Programming is very much a collaborative process, van Leer notes, and his international experience provides a broader context in considering offerings. But, he says, “Part of the reason I’m drawn to Los Angeles is that so many institutions think about a global context even if they haven’t worked internationally. There is an international vision here.”

The former singer and actor wants to explore crossovers between performing mediums and would like to establish programming partnerships with organizations across the city, not only those in the arts, but educational, leadership and community enterprises as well.

Conversely, he’s looking into how best to serve the Wallis’ local community, establishing the arts center as a neighborhood gathering place. And of course he wants to provide programming that will draw more people.

“It’s really about that three-dimensional model, how we make that very special and complex in the best possible way,” van Leer says. “We want to provide as many access points and engagement points to the public as we possibly can.”

EDGAR MIRAMONTES, new executive and artistic director of UCLA’s Center for the Art of Performance (CAP UCLA) in Westwood, also has the city’s global perspective on his mind.

Miramontes came to Los Angeles from Mexico as a child and later attended UCLA. He reported to work at his alma mater in

August; he’d left a 10-year tenure at REDCAT downtown, serving since 2019 as its deputy executive director and curator.

Miramontes oversees programming at three venues, Royce Hall at UCLA, the Theatre at Ace Hotel downtown—which is soon re-branding to a new name—and the new UCLA Nimoy Theater in Westwood. The first two are partnerships; the Nimoy is under CAP UCLA’s control.

“I’m interested in working with local, national and international artists,” says Miramontes, who has danced with a Middle Eastern dance troupe. “We’re all interconnected.”

Miramontes would like to “gather, introduce and support visionary artists and practitioners [who] can reshape cultural production and practice and provide insight into an experience other than our own.” Included would be both marginalized artists and those using technology in new ways.

Having immigrated here himself, he says heading CAP UCLA “is an important and honorable position to hold, and I’m super thrilled of the potential to have my lived experience speak to the kinds of programs that will happen.
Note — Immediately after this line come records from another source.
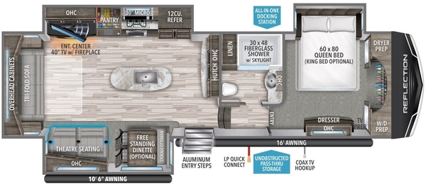 Air Conditioning +Air Conditioning (BTUs)15000Air Conditioning TypeAutomaticAwning +Awning Length (ft)26.5Number of Awnings2Power Retractable AwningBathroom +Bathroom Flooring TypeVinylBathroom LocationCenterNumber Of Bathrooms1Bathroom Medicine Cabinet +Bathroom Medicine Cabinet LocationCenterBathroom Mirror +Bathroom Mirror LocationCenterBathroom Sink +Bathroom Sink LocationCenterBathroom Vent / Fan System +Bathroom Vent / Fan System LocationCenterBattery +Battery Power ConverterBeds +Max Sleeping Count6Number Of Convertible / Sofa Beds2Number Of Queen Size Beds1Brakes +Front Brake TypeNot ApplicableRear Brake TypeElectric DrumCD Player +Number Of Discs1Construction +Body MaterialAluminumSidewall ConstructionFiberglassDimensions +Height (in)150Length (ft)35'6"Doors +Number of Doors1Emergency Exit(s) +Number Of Emergency Exits1Heater +Heater (BTUs)35000Heater TypeAutomaticHolding Tanks +Number Of Black Water Holding Tanks1Number Of Fresh Water Holding Tanks1Number Of Gray Water Holding Tanks1Total Black Water Tank Capacity (gal)47Total Fresh Water Tank Capacity (gal)74Total Gray Water Tank Capacity (gal)87Interior Decor +Interior Wood FinishWallpaperKitchen / Living Area +Kitchen / Living Area Flooring TypeCarpet / VinylKitchen LocationCenterKitchen Table ConfigurationBench SeatsLiving Area LocationRearLeveling Jacks +Leveling Jack TypeFront Power / Rear PowerMaster Bedroom +Full Size Master Bedroom ClosetMaster Bedroom Door StyleConventional DoorMaster Bedroom Flooring TypeCarpetMaster Bedroom LocationFrontMaster Bedroom Mirror DoorsMaster Bedroom Shades / CurtainsOven / Stove +LayoutOven / StoveNumber Of Oven Burners3Overhead FanPrewiring +Air Conditioning PrewiringBack-Up CameraCable PrewiringHeat PrewiringSatellite PrewiringSolarTV Antenna PrewiringWasher / Dryer PrewiringPropane Tank(s) +Number Of Propane Tanks2Total Propane Tank Capacity (gal)14.2Radio +Number Of Radios1Rear Hitch +Rear Hitch TypeReceiverSize (in)2Recliners / Rockers +MaterialVinylNumber Of Recliner / Rockers2Refrigerator +Refrigerator Power ModeElectric / PropaneRefrigerator SizeFull-SizeShower +Door TypePlastic / GlassShower LocationCenterSlideouts +Number of Slideouts3Power Retractable SlideoutSofa +Number Of Sofas1Sofa MaterialVinylSpare Tire +Spare Tire LocationExterior MountedSpeakers +Speaker Location(s)Interior / ExteriorSurround SoundTelevision +Number Of Televisions1Tires +Rear Tire (Full Spec)E Rated Nitrogen Filled Radial Goodyear TiresRear Tire Speed RatingETire BrandGoodyear®Toilet +Toilet LocationCenterToilet TypePorcelainWater Heater Tank +Water Heater Pump Power ModeElectrical / PropaneWater Heater Tank BypassWater Heater Tank Capacity (g)6Weight +Dry Weight (lbs)10697GVWR (lbs)13995Hitch Weight (lbs)2090Payload Capacity (lbs)3298Wheels +Number Of Axles2Wheels CompositionAluminumWireless / Connectivity +Bluetooth® Audio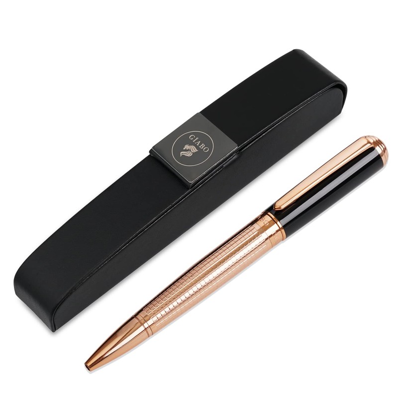 Gíabo Kasai Luxury Ballpoint Pen in Rose Gold, Ballpoint Pen with Engraving, Elegant Pen with Piano Lacquer and Non-Slip Structure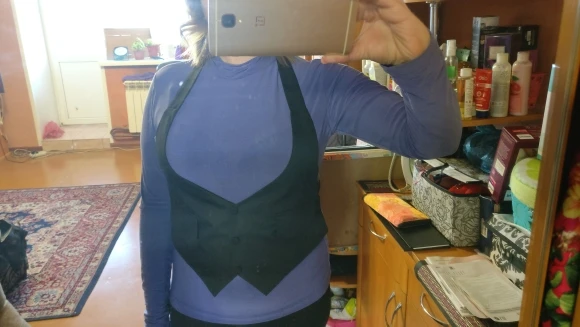 Желетка хорошая,даже для пышных форм,одела под белую блузку,получилось «хипово»,подойдет под любую однотонную футболку,очень довольна!
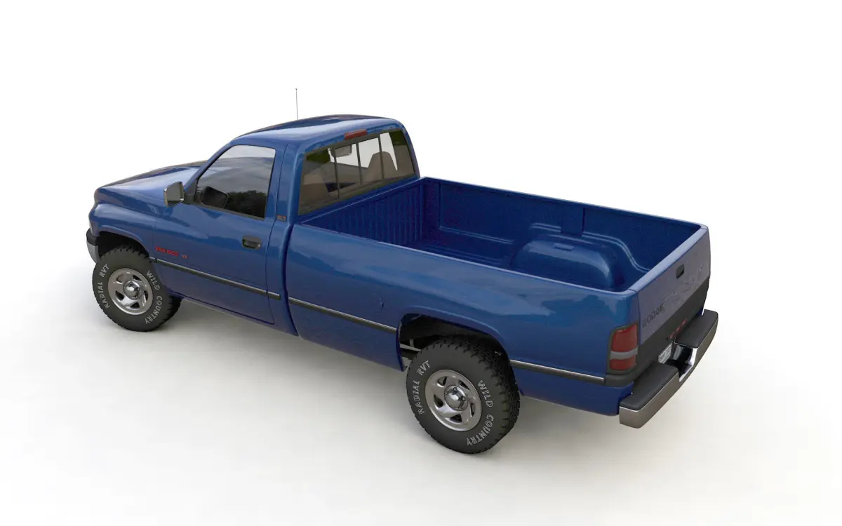 High detailed 3D model 1995 DODGE RAM 1500 Single Cab, from inside and outside.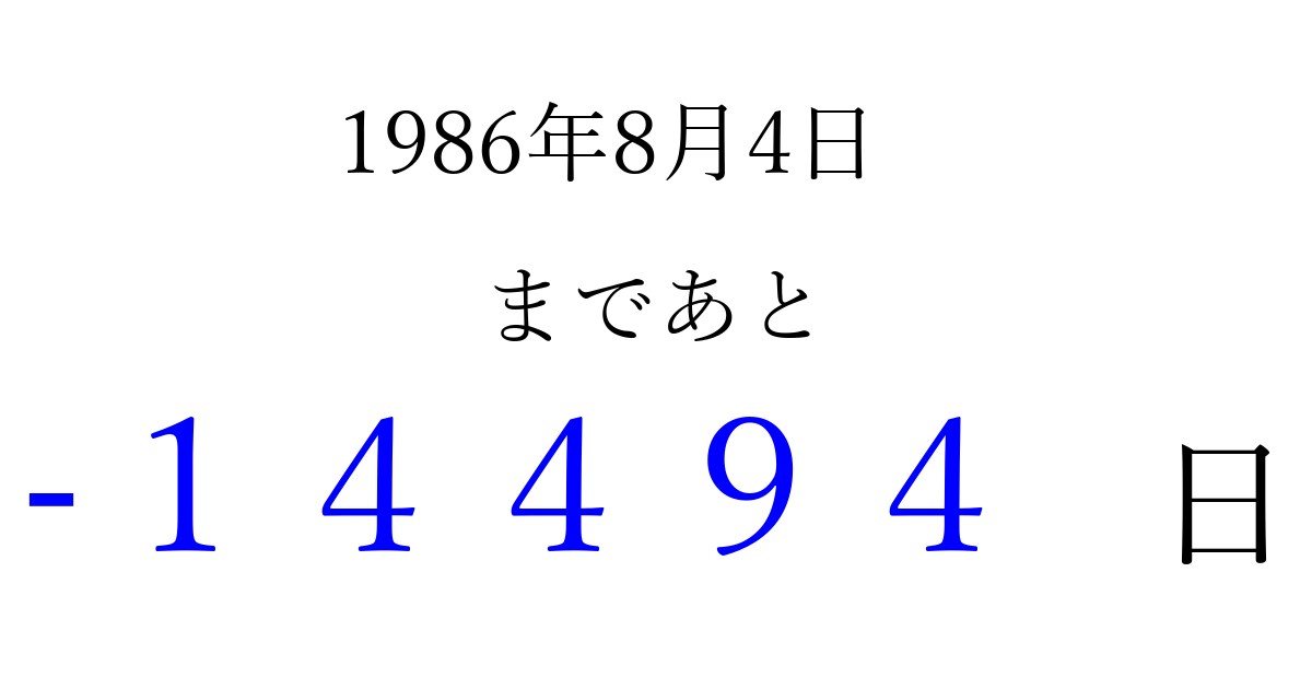 1986年8月4日(月)は もう 00000 日過ぎました 追加すると、トップページからすぐ選べるようになります ※2026/04/10現在の結果です。 最新の状態に更新する ↓シェアして、タイムライン上にカウントダウンを表示しよう!↓ 📤 この結果を共有する Tweet シェア Threads Bluesky 別の日付でカウントダウン 1986年8月のカレンダー このページをブックマークに追加すると、いつでもカウントダウンを確認できます。 (PC: Ctrl+D / Mac: ⌘+D) hitome-notes.comでは以下のページも運営しています。 指定日と期間から日付を計算 | ガチャ確率計算・シミュレーション | プライバシー・ポリシー 運営者:Avocado

I’m excited to think about it.”

SUSAN MILLER KOTSES, the newest member of the new-arts-leaders club, begins her position as executive director of the Los Angeles Children’s Chorus in February. She served as the Pacific Symphony’s vice president of education and community engagement in Irvine since 2015. Kotses is also a longtime professional singer and voice teacher, and a cantorial soloist at a temple in Laguna Woods.

“When I applied for the position,” Kotses says, “the job posting stated that the vision was of an organization that truly represented all of Los Angeles,” with a new partnership soon to be announced.

“Building partnerships has been central to the work I do,” Kotses says. “Engagement with community partners has been central, too—engagement being a two-way process. We each bring something to the table. It’s a real exchange of ideas: Let’s build something together, a true co-creation.”

To represent diverse L.A., Kotses plans to continue what has worked so well previously: establishing collaborations with organizations that have various cultural traditions and/or leadership of color.

“It’s my honor and my privilege to have that opportunity to learn and grow from these partnerships,” she says. “Connecting with geographically, socioeconomically, ethnically and racially diverse communities is the way forward.”